Set down exactly the lines below, starting at the one that contains "Questo è un" and ending at the one that contains "皮尔卡丹男士休闲裤秋冬加绒加厚西裤修身弹力轻商务黑色小脚长裤", with both of those lines included and nothing else.

§ The input:
*** Block opens ***

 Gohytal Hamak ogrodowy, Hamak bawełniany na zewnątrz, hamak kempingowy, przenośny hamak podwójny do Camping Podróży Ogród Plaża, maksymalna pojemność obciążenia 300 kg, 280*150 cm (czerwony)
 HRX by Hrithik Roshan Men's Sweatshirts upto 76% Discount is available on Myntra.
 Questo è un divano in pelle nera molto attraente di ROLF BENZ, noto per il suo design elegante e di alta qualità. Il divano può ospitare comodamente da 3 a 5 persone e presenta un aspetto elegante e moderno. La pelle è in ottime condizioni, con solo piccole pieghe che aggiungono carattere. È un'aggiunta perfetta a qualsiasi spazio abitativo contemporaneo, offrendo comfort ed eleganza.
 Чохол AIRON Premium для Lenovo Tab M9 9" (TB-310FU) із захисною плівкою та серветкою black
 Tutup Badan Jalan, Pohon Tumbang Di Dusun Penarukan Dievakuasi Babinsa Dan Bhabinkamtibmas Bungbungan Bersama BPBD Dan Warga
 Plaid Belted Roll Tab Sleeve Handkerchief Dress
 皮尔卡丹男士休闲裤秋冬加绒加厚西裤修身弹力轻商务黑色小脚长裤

*** Block closes ***
*** Block opens ***

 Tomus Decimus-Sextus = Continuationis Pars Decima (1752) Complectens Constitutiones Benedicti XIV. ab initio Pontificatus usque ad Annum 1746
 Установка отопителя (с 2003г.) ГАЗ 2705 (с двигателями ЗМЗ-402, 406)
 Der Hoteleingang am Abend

*** Block closes ***
*** Block opens ***

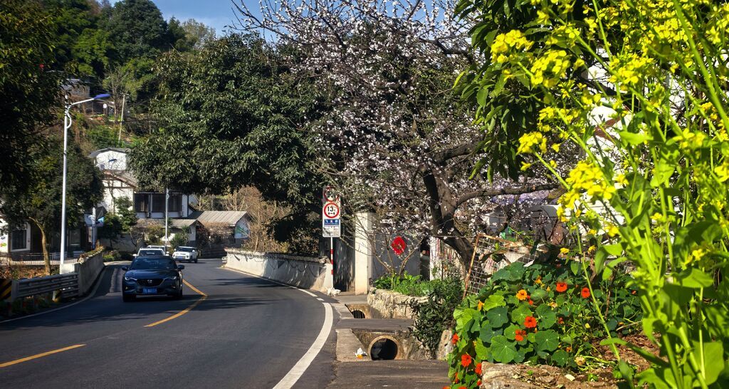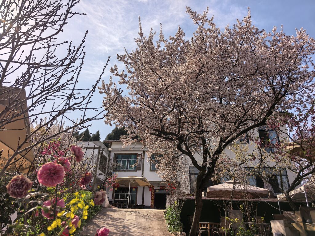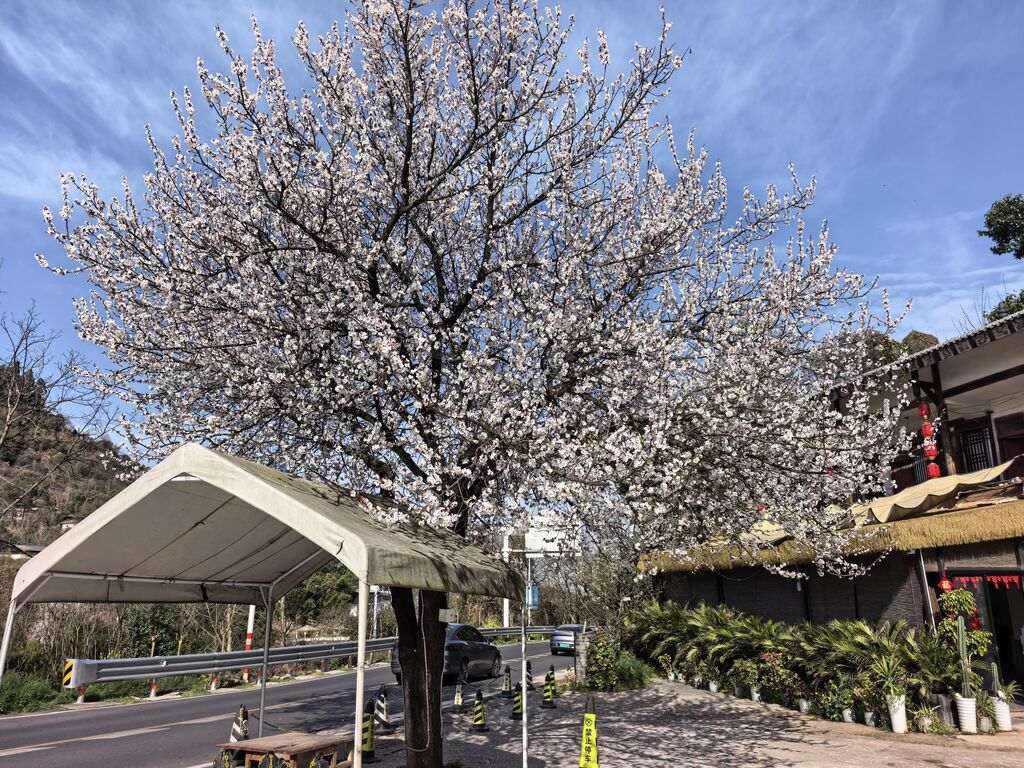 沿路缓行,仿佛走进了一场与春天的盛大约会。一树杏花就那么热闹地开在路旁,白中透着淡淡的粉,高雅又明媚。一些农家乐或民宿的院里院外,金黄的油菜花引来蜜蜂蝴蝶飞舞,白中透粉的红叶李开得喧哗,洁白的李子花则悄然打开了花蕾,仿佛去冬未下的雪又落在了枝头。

*** Block closes ***

§ Answer to this exercise:
 Questo è un divano in pelle nera molto attraente di ROLF BENZ, noto per il suo design elegante e di alta qualità. Il divano può ospitare comodamente da 3 a 5 persone e presenta un aspetto elegante e moderno. La pelle è in ottime condizioni, con solo piccole pieghe che aggiungono carattere. È un'aggiunta perfetta a qualsiasi spazio abitativo contemporaneo, offrendo comfort ed eleganza.
 Чохол AIRON Premium для Lenovo Tab M9 9" (TB-310FU) із захисною плівкою та серветкою black
 Tutup Badan Jalan, Pohon Tumbang Di Dusun Penarukan Dievakuasi Babinsa Dan Bhabinkamtibmas Bungbungan Bersama BPBD Dan Warga
 Plaid Belted Roll Tab Sleeve Handkerchief Dress
 皮尔卡丹男士休闲裤秋冬加绒加厚西裤修身弹力轻商务黑色小脚长裤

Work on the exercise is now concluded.